Celeste O'Connor (born December 2, 1998) is a Kenyan-born American actor. They are known for playing Paloma Davis in the Amazon original film, Selah and the Spades.

Early life and education 
Celeste O'Connor was born on December 2, 1998, in Nairobi, Kenya. O'Connor and their younger brother were raised in Baltimore, Maryland by their parents. They attended Notre Dame Preparatory School and studied the violin and singing at Peabody Preparatory. O'Connor attends Johns Hopkins University and is majoring in public health and pre-medicine. They have also taken courses in Islamic studies.

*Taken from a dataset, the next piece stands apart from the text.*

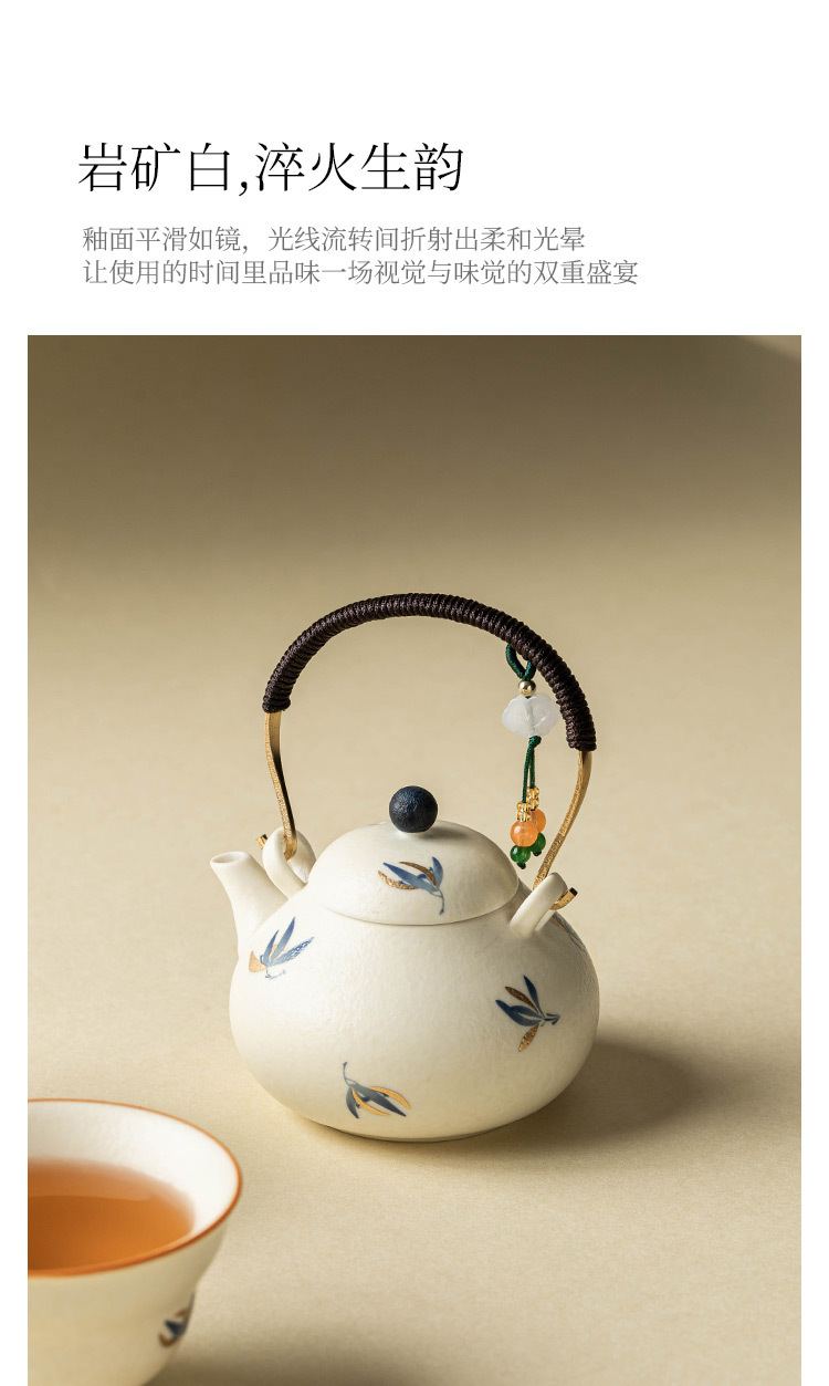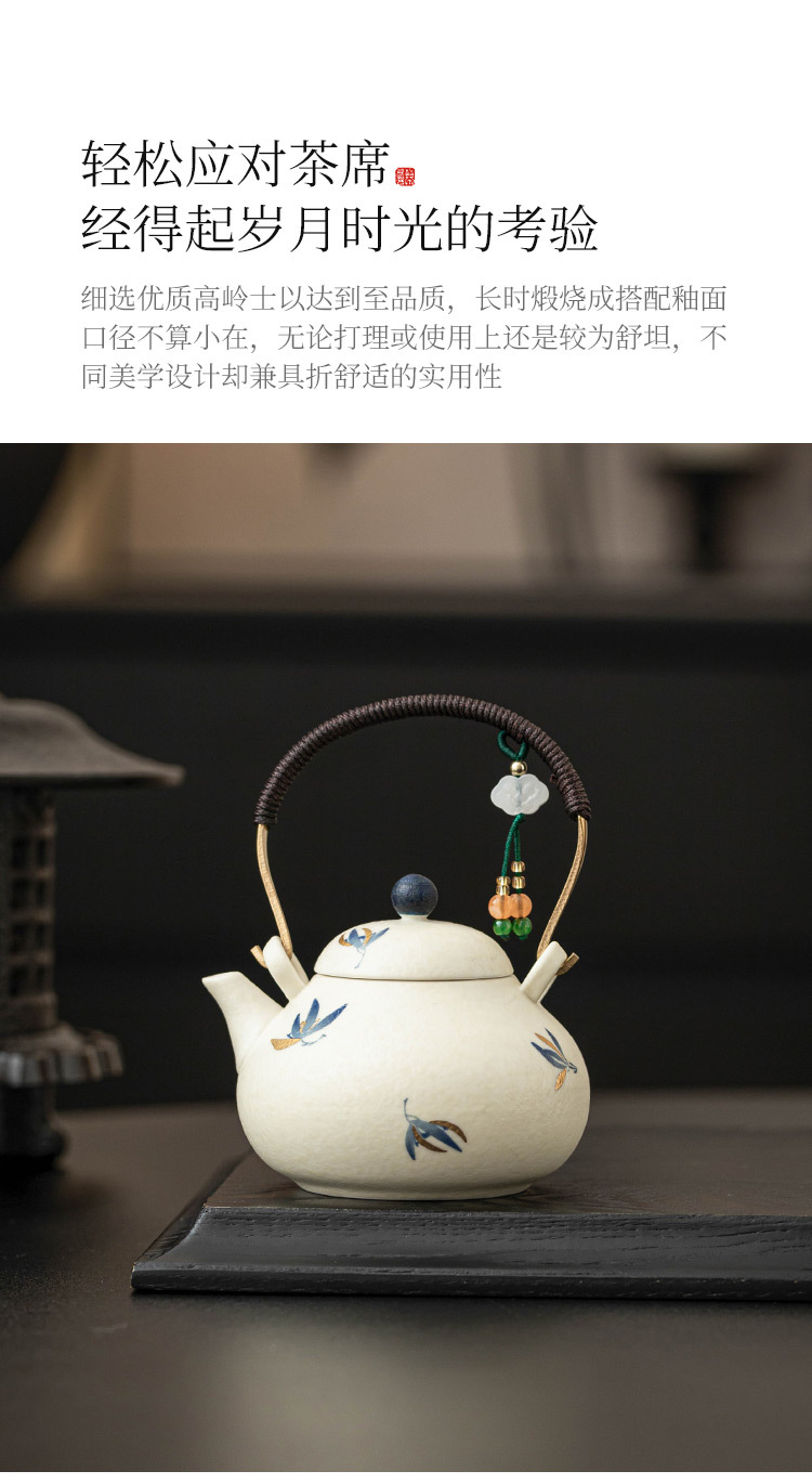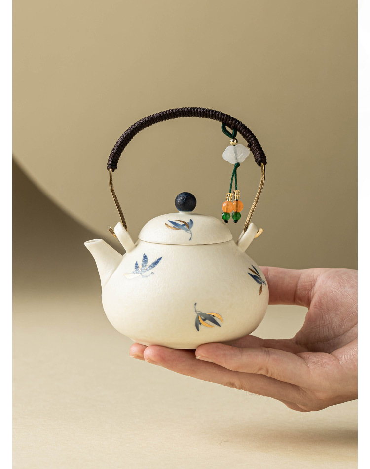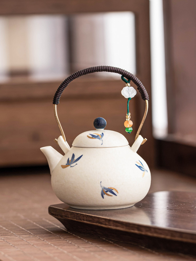 Ấm trà lan hồ điệp vàng vẽ màu trắng mỏ đá ấm trà gốm sứ cao cấp gia dụng ấm trà nhỏ trang nhã ấm đơn

O'Connor is interested in the social determinants of health including food security, housing insecurity, and education.

Career 
O'Connor played the younger version of Gugu Mbatha-Raw's character in the 2018 Netflix film, Irreplaceable You. They appeared in the 2019 film, Wetlands. In 2019, O'Connor played Paloma Davis in the film, Selah and the Spades. Reporter Anagha Komaragiri of The Daily Californian praised O'Connor's "subtle" and "pensive presence" until the "tense finale." O'Connor was cast in July 2019 for the 2021 film, Ghostbusters: Afterlife. O'Connor is non-binary.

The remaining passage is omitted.